Today’s post is sort of a place holder, in a way. My associate Eric Brodie, who is my crack science guy, and I are starting a patent infringement trial this morning in federal court that is expected to last two or three weeks. As a result, I don’t know how much I will be posting for the next couple weeks, although I will try to post here and there, when I have a chance, and will certainly make a point to at least put up short posts drawing attention to new decisions that are handed down while I am on trial or to particularly interesting blog posts or articles published during that time; the posts will undoubtedly lack much discussion by me about those decisions and publications, although, if they merit it, I will return to them to provide comments in a couple of weeks, when I have more time.

Blog vendor Kevin O’Keefe at LexBlog likes to suggest that lawyers blog during the downtime in trials, and comment on what is going on at court, in the interest of showing – in his words – that you not only talk the talk, but also walk the walk.

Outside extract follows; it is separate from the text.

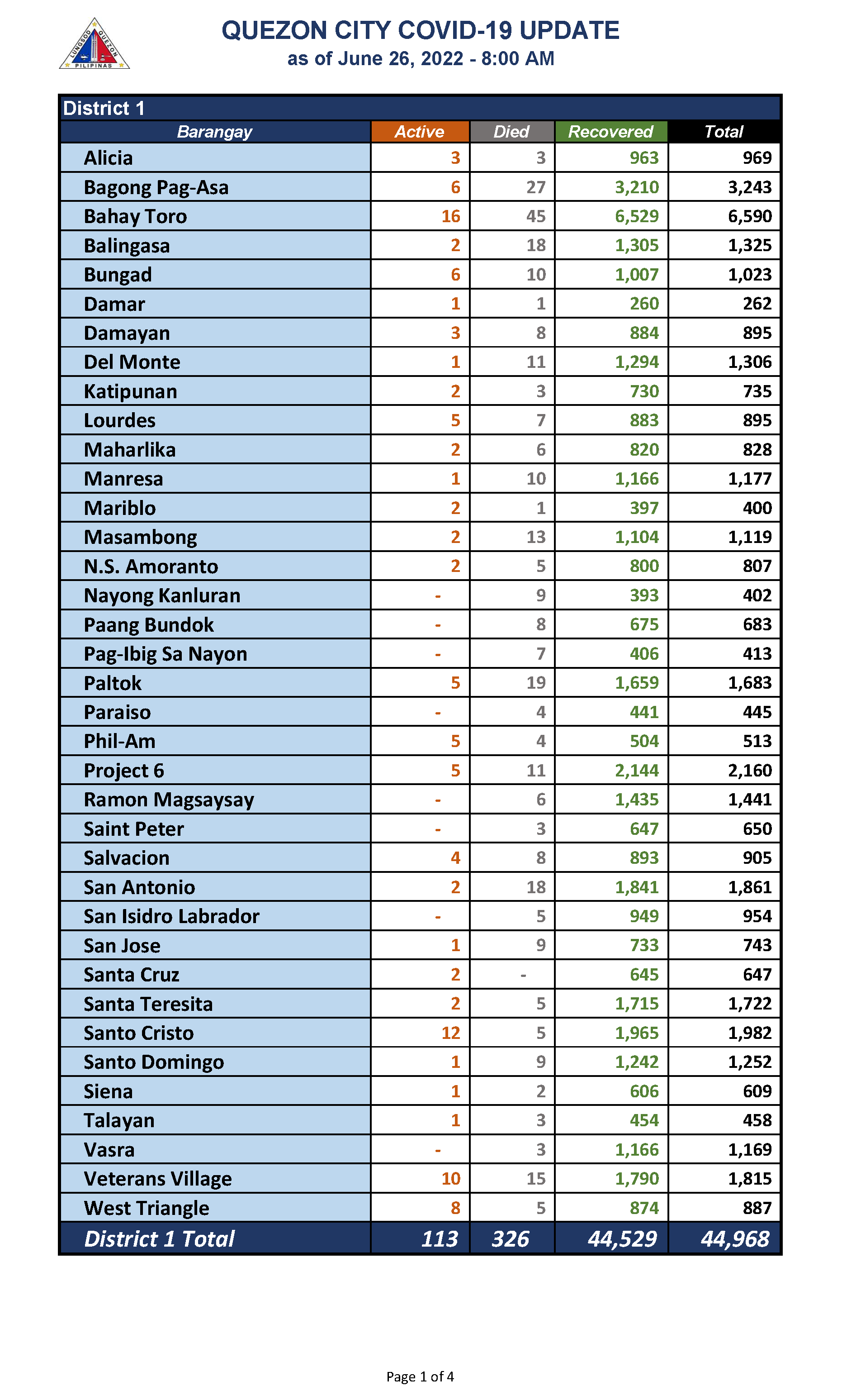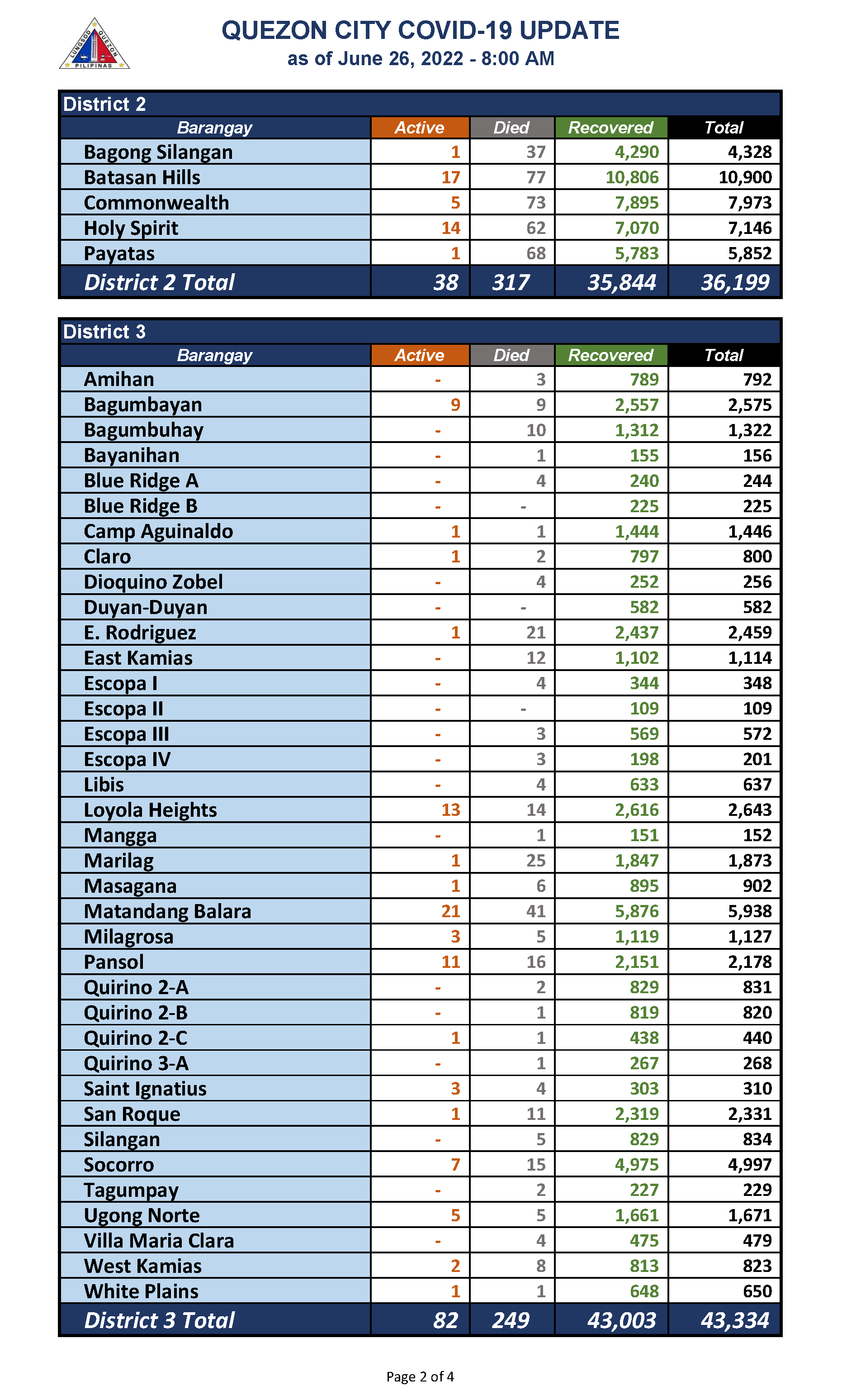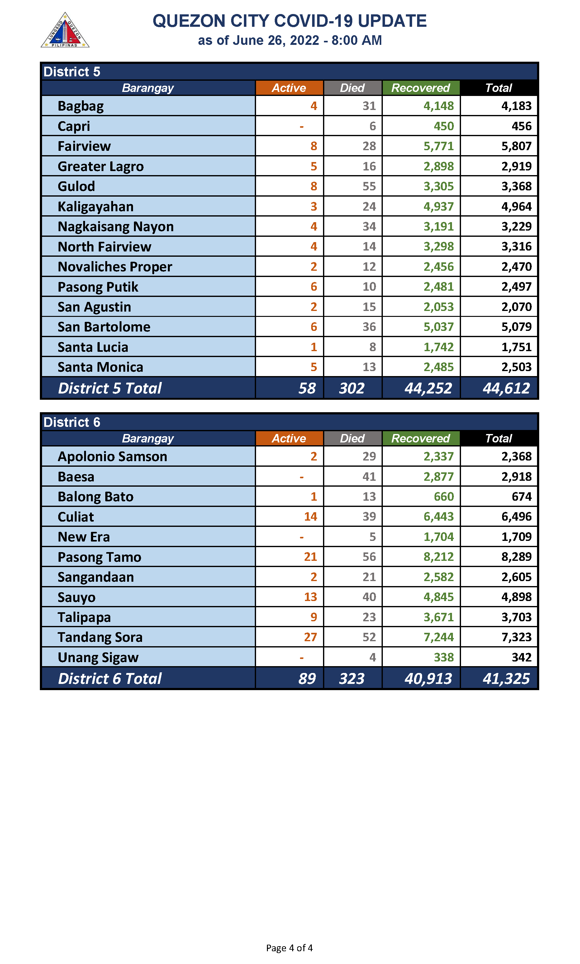 QC COVID-19 UPDATE – AS OF June 26, 2022 – 8AM

I don’t know whether I will do that during this trial, partly because I am not all that comfortable with blogging about an ongoing court proceeding in which I am involved; I am not sure I feel that it fits my obligations to either the client or to the court, but, if there is something interesting to comment on involving something other than the case I am actually trying, I might put something up from court, maybe over the midmorning break. We’ll have to see on that.

I have a bit of a lawyer geek’s fascination with the electronic discovery amendments to the federal rules of civil procedure; they exist at an interesting intersection of evidence, discovery, and business management issues, each of which alone is interesting to me but that in combination, as they are with regard to these amendments, become a fascinating, almost gordian, knot of issues. In earlier posts, I have talked about a couple of issues raised by them. The first is the need for the courts to develop rules governing electronic discovery that are more rigorous than traditional standards for paper discovery, and that take into account the far greater cost that broad electronic discovery can impose. The second concerned the importance for companies to act proactively, and establish strong computer information systems that keep information well organized and easily accessible in the normal course of business, allowing cost effective data collection, review and production when things turn extraordinary, namely into litigation.

I thought, on both of these points, I would pass along this article that I liked, which really drives home the point that the best solution to the potentially backbreaking cost problem of electronic discovery is proper electronic document management on a day in day out basis in the operation of the business itself, rather than just tackling that issue latter on, after a suit is filed and electronic discovery is sought.